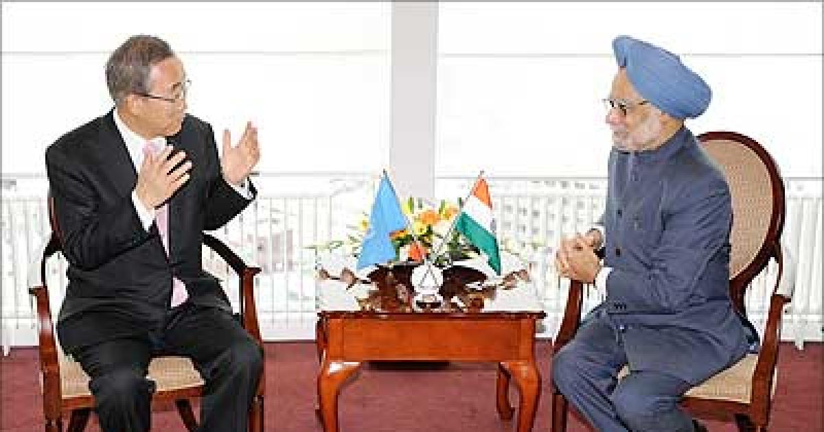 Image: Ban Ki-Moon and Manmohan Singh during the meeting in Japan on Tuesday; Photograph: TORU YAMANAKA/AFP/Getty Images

* * *

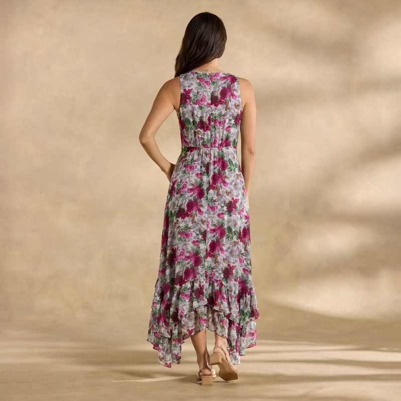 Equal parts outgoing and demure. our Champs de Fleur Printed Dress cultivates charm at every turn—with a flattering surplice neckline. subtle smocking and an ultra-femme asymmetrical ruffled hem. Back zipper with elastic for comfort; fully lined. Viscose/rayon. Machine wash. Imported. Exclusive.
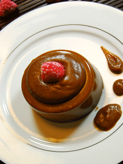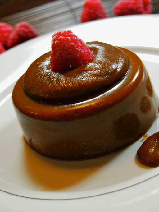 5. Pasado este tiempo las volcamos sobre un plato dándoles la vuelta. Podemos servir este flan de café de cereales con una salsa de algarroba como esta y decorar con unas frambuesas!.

### Problem description:
Range to copy from the records above: the line containing "Equal parts outgoing" to the line containing "5. Pasado este", both included. Output those lines exactly and only those, skipping pictures.

### Solution to this exercise:
 Equal parts outgoing and demure. our Champs de Fleur Printed Dress cultivates charm at every turn—with a flattering surplice neckline. subtle smocking and an ultra-femme asymmetrical ruffled hem. Back zipper with elastic for comfort; fully lined. Viscose/rayon. Machine wash. Imported. Exclusive.
 5. Pasado este tiempo las volcamos sobre un plato dándoles la vuelta. Podemos servir este flan de café de cereales con una salsa de algarroba como esta y decorar con unas frambuesas!.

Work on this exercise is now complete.